======== MATERIAL FOR THIS TASK

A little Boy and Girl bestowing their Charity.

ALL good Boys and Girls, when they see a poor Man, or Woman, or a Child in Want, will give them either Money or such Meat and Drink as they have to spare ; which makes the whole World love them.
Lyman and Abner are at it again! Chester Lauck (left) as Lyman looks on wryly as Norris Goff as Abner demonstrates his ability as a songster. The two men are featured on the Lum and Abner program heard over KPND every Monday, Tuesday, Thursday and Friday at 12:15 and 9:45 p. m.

================
======== MATERIAL FOR THIS TASK

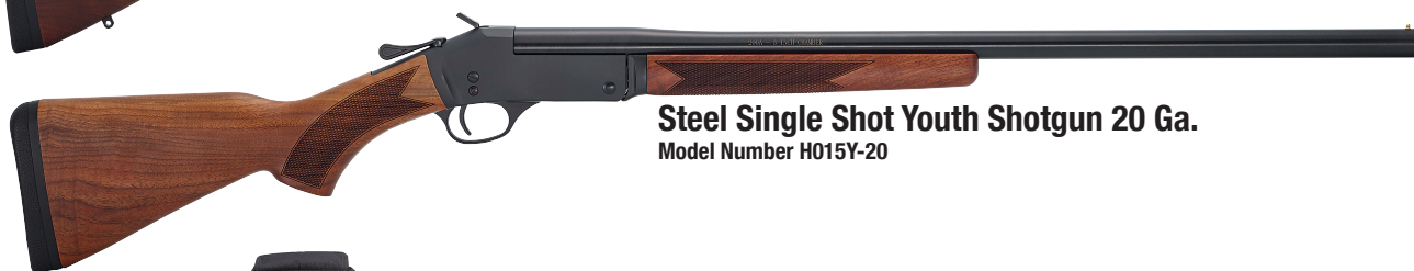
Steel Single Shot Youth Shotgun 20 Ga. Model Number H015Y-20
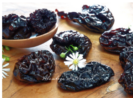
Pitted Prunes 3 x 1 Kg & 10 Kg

================
======== MATERIAL FOR THIS TASK

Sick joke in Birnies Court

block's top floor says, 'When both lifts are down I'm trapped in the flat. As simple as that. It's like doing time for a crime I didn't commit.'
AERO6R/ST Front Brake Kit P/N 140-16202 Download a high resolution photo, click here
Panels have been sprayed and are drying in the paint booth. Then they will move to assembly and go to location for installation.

================

Wherever the string "they" occurs in the entries, copy that whole line.

• OUTPUT OF THE EXERCISE:
ALL good Boys and Girls, when they see a poor Man, or Woman, or a Child in Want, will give them either Money or such Meat and Drink as they have to spare ; which makes the whole World love them.
Panels have been sprayed and are drying in the paint booth. Then they will move to assembly and go to location for installation.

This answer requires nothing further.